Flores is six months into this new adventure. The owners say her presence gives them a competitive advantage and hope it helps with retention and turnover among their employees.

Restaurant staff often work difficult hours and can be prone to substance use issues — they also approach the job with a grind-it-out mentality. Many workers either don't ask for help or don't always see mental self-care as important; and restaurant culture historically hasn't prioritized it, or has viewed it as something employees should deal with on their own time.

"It has been a really important option and a resource for our team right now," says Abby Hoffman, the general manager of French 75. "I was just overjoyed when I found out that this program was starting."

She gives the effort high marks, and says it builds on earlier efforts to recognize the psychological toll of restaurant jobs .

"I think the conversation really started around the death of Anthony Bourdain, knowing how important mental health and caring for ourselves was," Hoffman says. "And we were able to kind of have that conversation a little bit."

The death by suicide of the charismatic Bourdain, a celebrity chef and TV star who openly struggled with addiction and mental health troubles, resonated with many restaurant workers.

Bourdain died in mid-2018. Then, Hoffman says, came the pandemic, which helped relaunch tough conversations about the psychological impacts of their jobs: "We were, again, able to say, 'this is something, this is so stressful and scary, and we need to be able to talk about this.'"

Voicing these concerns, she speaks for an entire industry. The Colorado Restaurant Association recently conducted a survey, and a spokesperson says more than 80 percent of its members reported an increase in the stress levels of their staff over the past year. A third of the restaurants fielded requests for mental health services or resources from employees in the past year. More than three out of four restaurants reported a rise in customer aggression towards staff members.

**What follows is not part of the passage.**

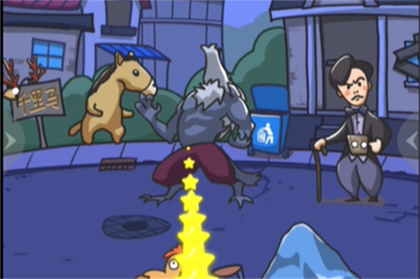 5、拖动太阳进垃圾桶,就变成傍晚了,点击中间的男性NPC就完成仰天长啸了。

By hiring Flores, Bonanno Concepts is offering an innovative solution to help employees manage the wide variety of stressors, says co-owner Jacqueline Bonanno.

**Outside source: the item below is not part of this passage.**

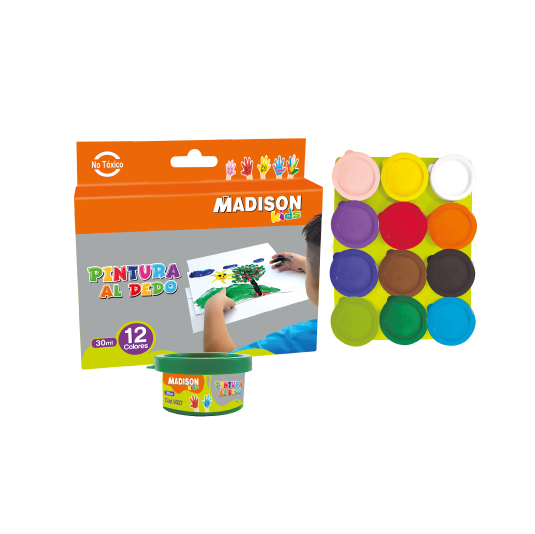 Caja de Pinturas al Dedo, para Dedos, Set de 12 Frascos MADISON

Some of those stressors come from the job itself, but others stem from wider societal problems: "We have a generation of people who have been dealing with mass shooter drills, who have now gone through a pandemic, who were fired en masse from their jobs," she says. "And if, as a society, we can't provide those resources, then maybe as an employer we can."

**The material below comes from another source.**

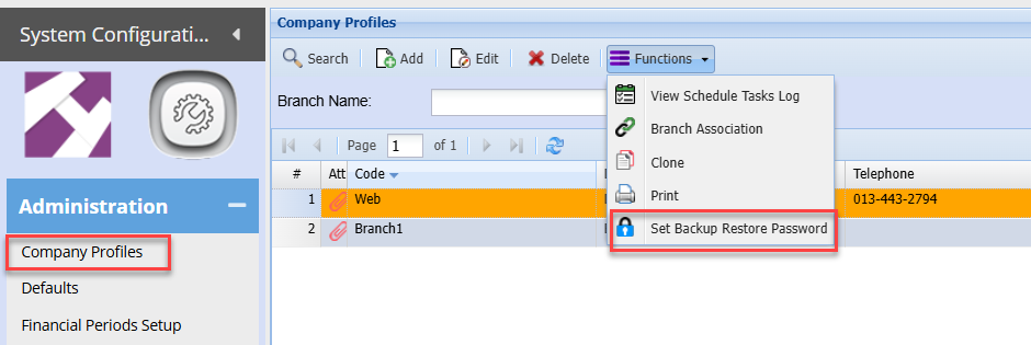 Select: Set backup Restore Password

Denise Mickelsen, a spokeswoman for Colorado's restaurant association, says she's unaware of other restaurants or groups hiring a full-time staffer dedicated to health and wellness. She noted Pomegranate Hospitality, which owns Safta, at the Source Hotel in Denver, has a "director of people and culture" who handles health and wellness issues, and the company also offers an employee assistance program for staff who need mental health counseling.

But a full-time therapist is a new development: "It's fair to call what they're doing fairly unique and/or innovative," says Vanessa Sink, director of media relations for the National Restaurant Association. "It's something that some of the larger chains have been trying, but is not widespread."

Other projects in a similar vein are springing up. One is called Fair Kitchens. It describes itself as a "movement fighting for a more resilient and sustainable foodservice and hospitality industry, calling for change by showing that a healthier culture makes for a healthier business."

Its website says the movement was founded in 2018, "amid growing awareness of the serious wellbeing issue at the heart of foodservice and hospitality." It cited research by Britain-based Unilever Food Solutions that found most chefs were "sleep deprived to the point of exhaustion" and "felt depressed."

Back in Denver, Nikki Perri says she's grateful her employers see workers as more than just anonymous, interchangeable vessels that bring the food and drinks "and actually do care about us and see us as humans. I think that's great. And I think other places should catch up and follow on cue here."

And if that happens, she says, it could be a positive legacy from an otherwise tough time.

This story comes from NPR's health reporting partnership with Colorado Public Radio and KHN (Kaiser Health News).